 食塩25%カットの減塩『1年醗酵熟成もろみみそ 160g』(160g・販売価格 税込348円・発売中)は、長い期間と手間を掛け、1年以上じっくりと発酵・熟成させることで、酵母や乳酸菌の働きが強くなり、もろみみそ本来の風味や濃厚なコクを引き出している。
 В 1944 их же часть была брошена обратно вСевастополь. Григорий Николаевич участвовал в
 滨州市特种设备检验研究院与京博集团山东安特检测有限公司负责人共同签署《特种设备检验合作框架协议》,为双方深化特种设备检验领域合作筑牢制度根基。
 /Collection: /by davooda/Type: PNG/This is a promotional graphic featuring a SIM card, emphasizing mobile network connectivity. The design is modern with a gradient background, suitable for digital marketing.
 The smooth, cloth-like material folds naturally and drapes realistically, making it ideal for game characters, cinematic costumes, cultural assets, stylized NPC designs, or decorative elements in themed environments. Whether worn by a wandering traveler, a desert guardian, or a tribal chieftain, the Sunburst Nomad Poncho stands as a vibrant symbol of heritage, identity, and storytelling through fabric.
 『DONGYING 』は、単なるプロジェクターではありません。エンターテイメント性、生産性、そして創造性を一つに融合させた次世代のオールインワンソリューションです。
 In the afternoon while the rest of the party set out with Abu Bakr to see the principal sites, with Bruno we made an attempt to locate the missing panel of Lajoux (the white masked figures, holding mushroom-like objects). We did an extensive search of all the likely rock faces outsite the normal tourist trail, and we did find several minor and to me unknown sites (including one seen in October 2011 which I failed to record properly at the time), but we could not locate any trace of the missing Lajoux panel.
* * *
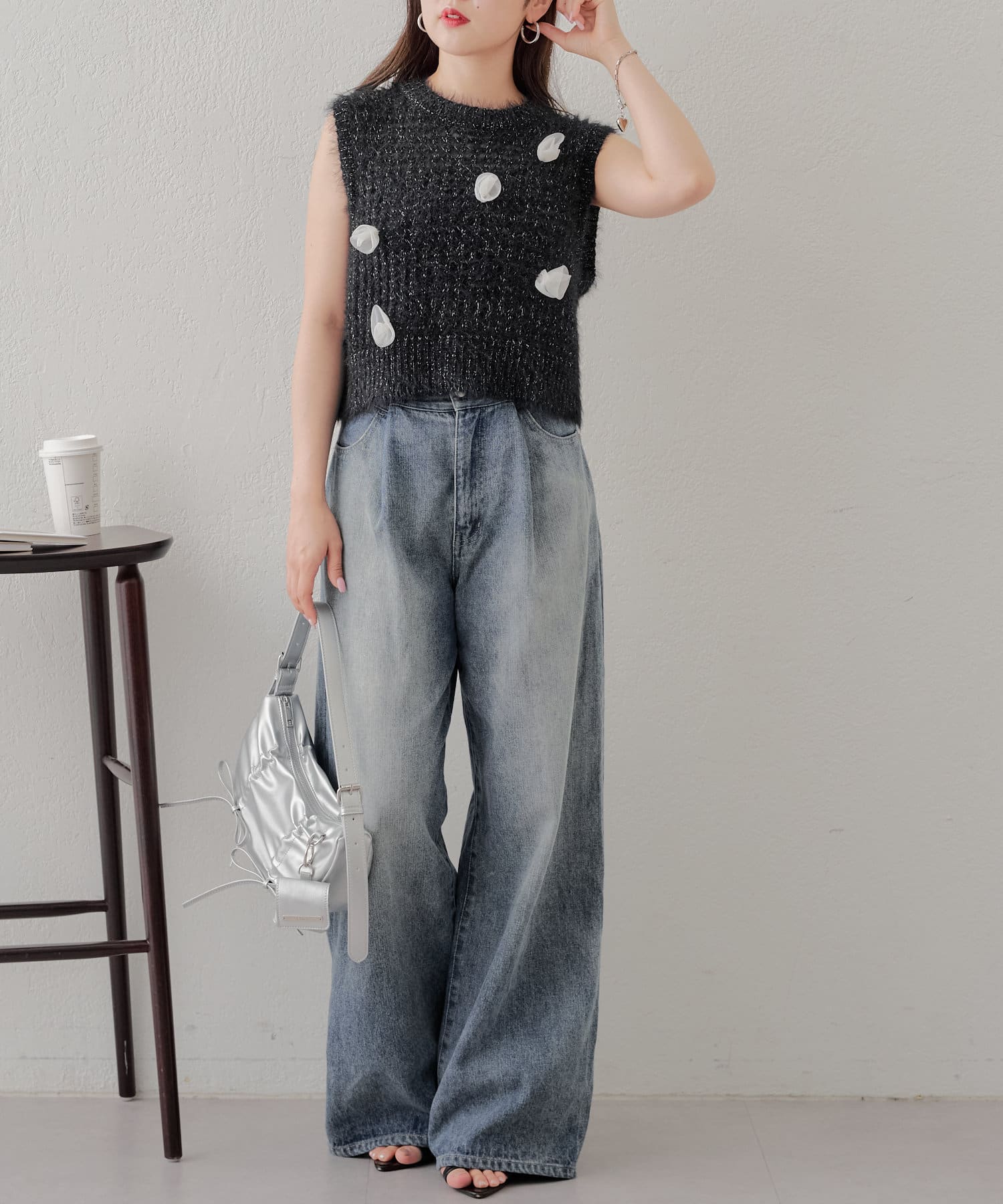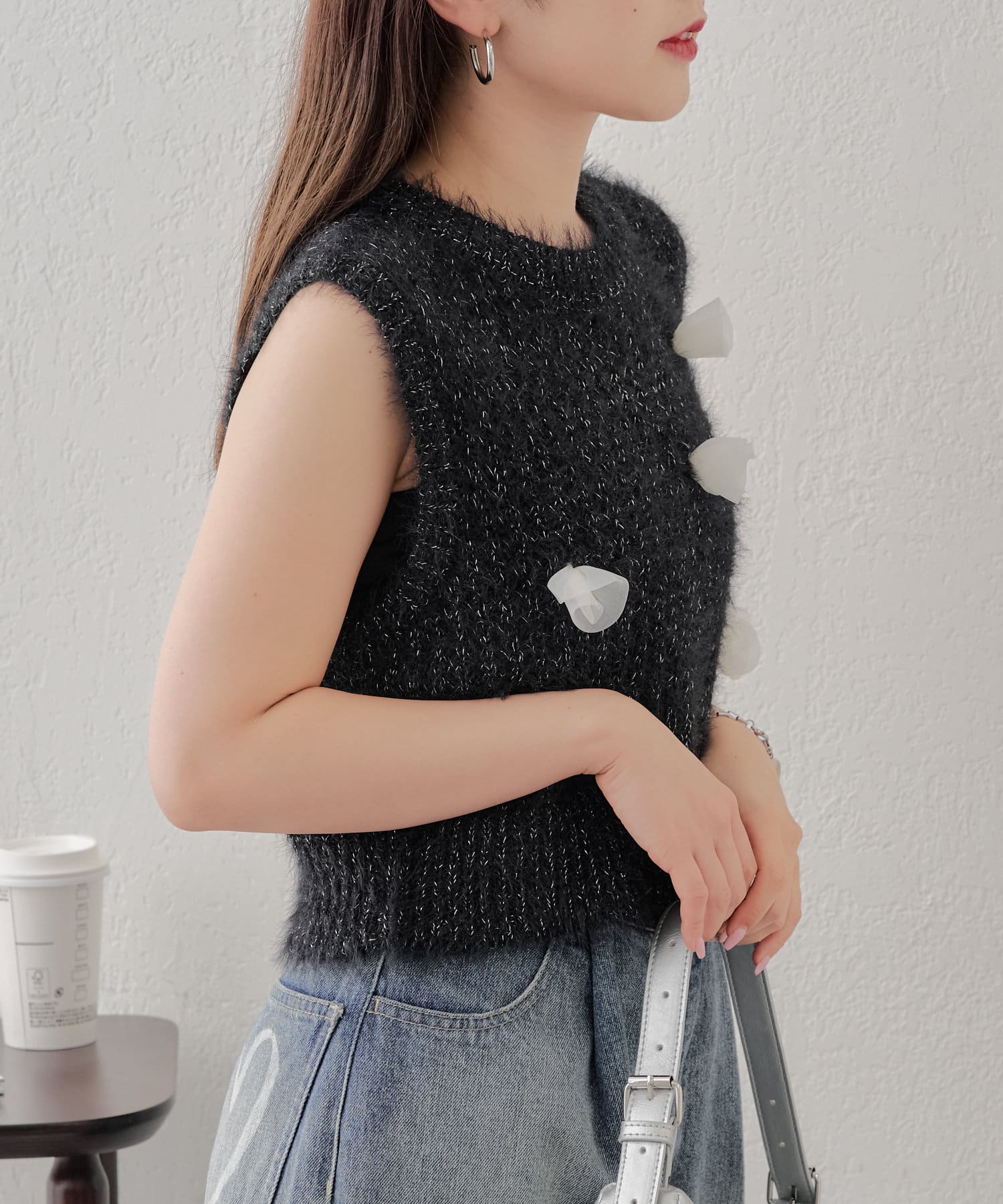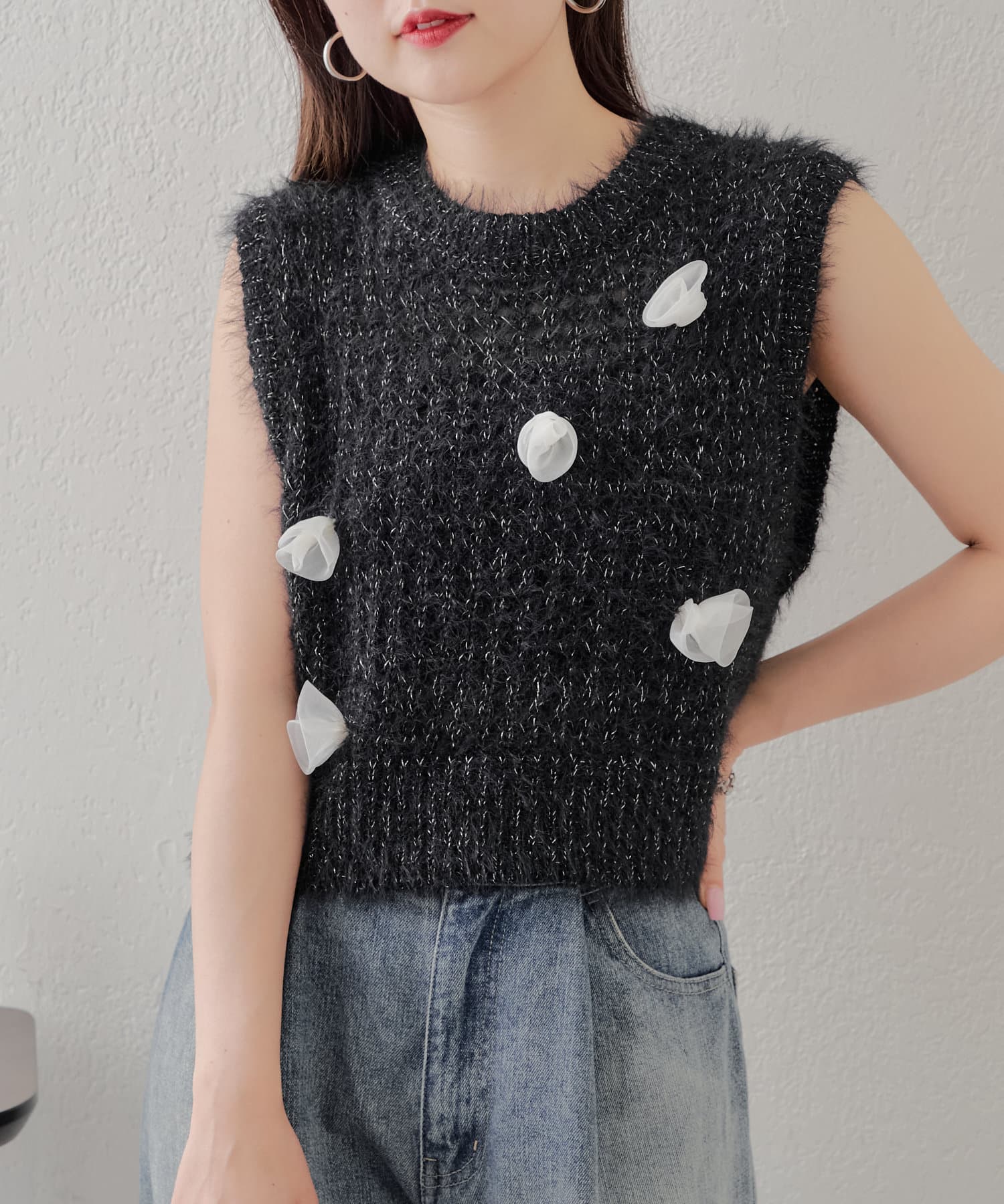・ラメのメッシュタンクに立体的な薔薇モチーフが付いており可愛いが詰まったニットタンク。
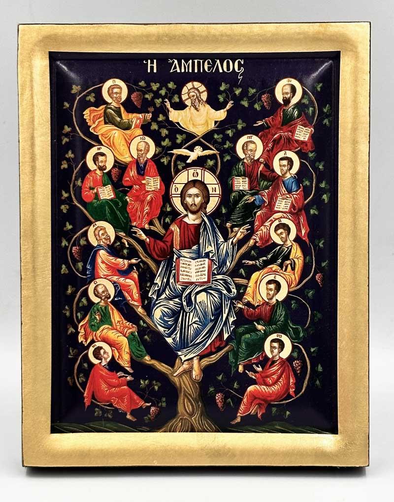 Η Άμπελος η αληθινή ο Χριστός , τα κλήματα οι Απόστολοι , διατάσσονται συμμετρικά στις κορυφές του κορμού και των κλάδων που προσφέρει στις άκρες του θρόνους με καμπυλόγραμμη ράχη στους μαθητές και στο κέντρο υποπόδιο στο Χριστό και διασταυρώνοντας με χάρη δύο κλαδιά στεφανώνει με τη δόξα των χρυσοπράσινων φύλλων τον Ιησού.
--
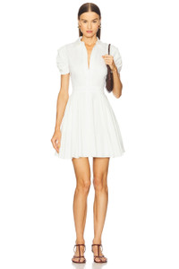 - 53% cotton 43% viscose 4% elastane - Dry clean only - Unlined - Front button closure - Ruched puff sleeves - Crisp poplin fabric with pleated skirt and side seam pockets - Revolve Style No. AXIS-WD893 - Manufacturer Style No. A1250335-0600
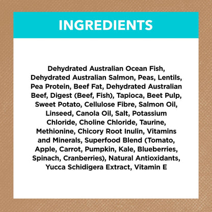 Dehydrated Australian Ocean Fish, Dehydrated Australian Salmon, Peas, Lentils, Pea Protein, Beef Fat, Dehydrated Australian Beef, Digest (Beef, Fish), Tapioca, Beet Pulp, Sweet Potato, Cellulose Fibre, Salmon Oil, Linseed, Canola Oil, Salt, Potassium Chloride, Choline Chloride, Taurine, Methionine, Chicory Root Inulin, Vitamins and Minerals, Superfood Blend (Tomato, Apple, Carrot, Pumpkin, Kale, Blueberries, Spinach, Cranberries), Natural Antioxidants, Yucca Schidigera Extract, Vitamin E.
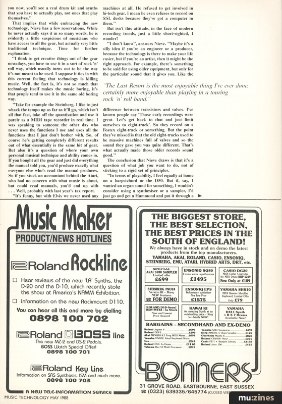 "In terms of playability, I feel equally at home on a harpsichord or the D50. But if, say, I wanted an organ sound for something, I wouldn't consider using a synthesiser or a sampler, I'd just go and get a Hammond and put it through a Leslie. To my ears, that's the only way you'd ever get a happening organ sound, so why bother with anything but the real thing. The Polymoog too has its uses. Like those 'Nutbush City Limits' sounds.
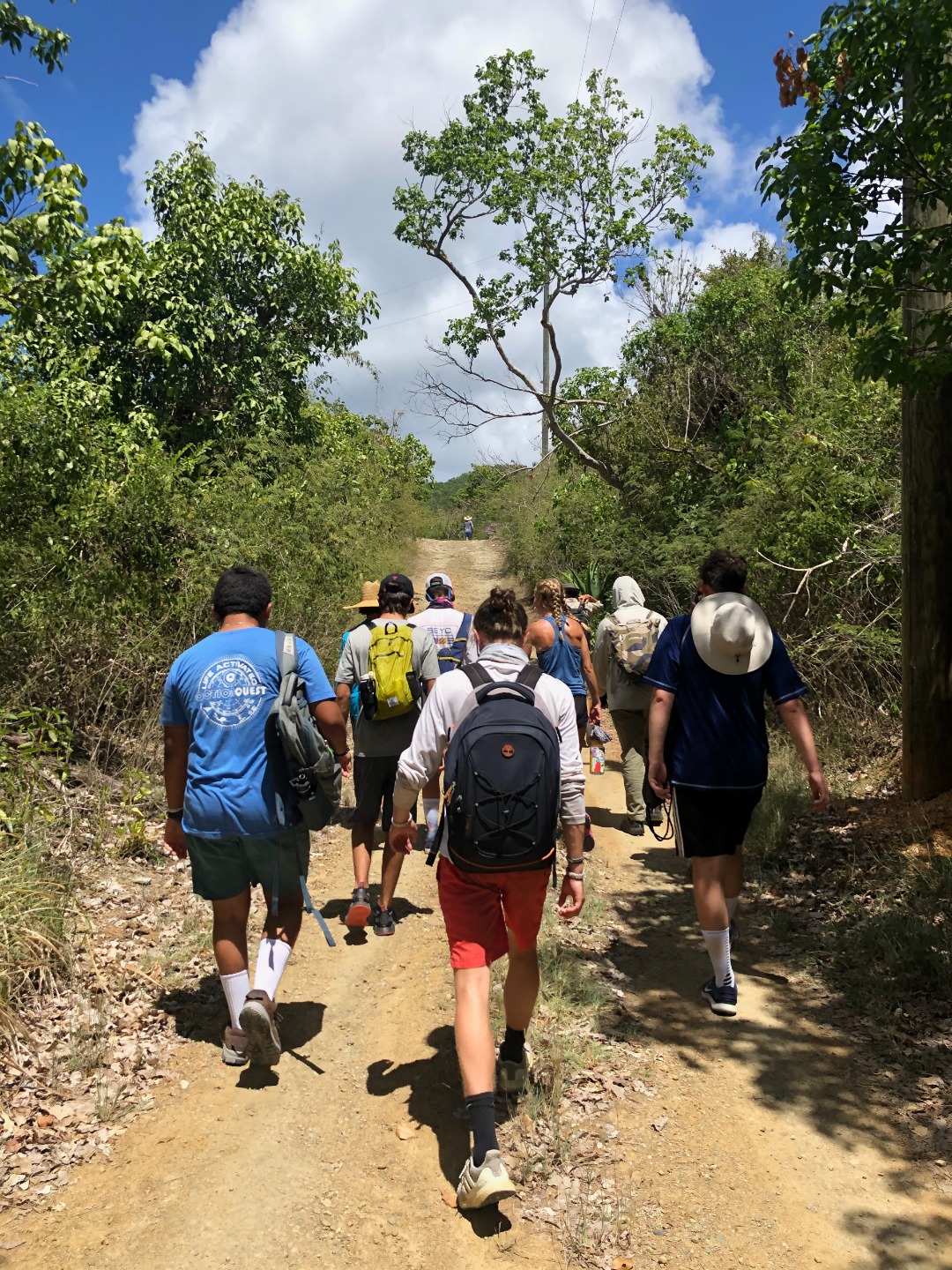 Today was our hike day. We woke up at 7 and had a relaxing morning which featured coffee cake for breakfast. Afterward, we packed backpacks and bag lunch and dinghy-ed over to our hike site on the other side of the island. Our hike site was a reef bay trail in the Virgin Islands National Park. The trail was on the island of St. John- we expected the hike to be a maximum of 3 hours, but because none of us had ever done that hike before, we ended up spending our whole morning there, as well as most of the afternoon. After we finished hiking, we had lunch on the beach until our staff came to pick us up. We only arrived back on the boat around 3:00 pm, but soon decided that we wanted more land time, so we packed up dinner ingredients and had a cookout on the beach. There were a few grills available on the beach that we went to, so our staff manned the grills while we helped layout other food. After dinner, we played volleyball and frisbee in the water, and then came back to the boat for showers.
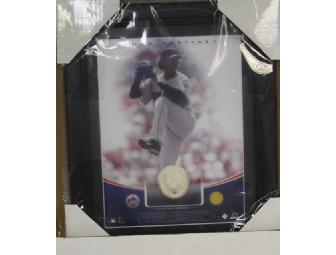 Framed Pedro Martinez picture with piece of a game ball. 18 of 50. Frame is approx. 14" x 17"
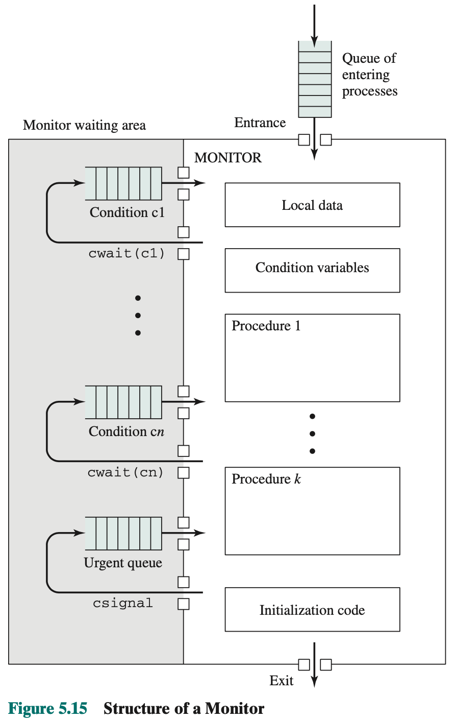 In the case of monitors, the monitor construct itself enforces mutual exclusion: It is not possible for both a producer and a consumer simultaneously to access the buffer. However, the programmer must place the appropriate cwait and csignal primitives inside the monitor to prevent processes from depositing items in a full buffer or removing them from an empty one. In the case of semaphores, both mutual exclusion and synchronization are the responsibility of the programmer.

#### Goal of the exercise
Of the lines above, quote exactly those from the one with "- 53% cotton" through the one with "City Limits' sounds.", ends included; pictures stay out.

#### Response box
 - 53% cotton 43% viscose 4% elastane - Dry clean only - Unlined - Front button closure - Ruched puff sleeves - Crisp poplin fabric with pleated skirt and side seam pockets - Revolve Style No. AXIS-WD893 - Manufacturer Style No. A1250335-0600
 Dehydrated Australian Ocean Fish, Dehydrated Australian Salmon, Peas, Lentils, Pea Protein, Beef Fat, Dehydrated Australian Beef, Digest (Beef, Fish), Tapioca, Beet Pulp, Sweet Potato, Cellulose Fibre, Salmon Oil, Linseed, Canola Oil, Salt, Potassium Chloride, Choline Chloride, Taurine, Methionine, Chicory Root Inulin, Vitamins and Minerals, Superfood Blend (Tomato, Apple, Carrot, Pumpkin, Kale, Blueberries, Spinach, Cranberries), Natural Antioxidants, Yucca Schidigera Extract, Vitamin E.
 "In terms of playability, I feel equally at home on a harpsichord or the D50. But if, say, I wanted an organ sound for something, I wouldn't consider using a synthesiser or a sampler, I'd just go and get a Hammond and put it through a Leslie. To my ears, that's the only way you'd ever get a happening organ sound, so why bother with anything but the real thing. The Polymoog too has its uses. Like those 'Nutbush City Limits' sounds.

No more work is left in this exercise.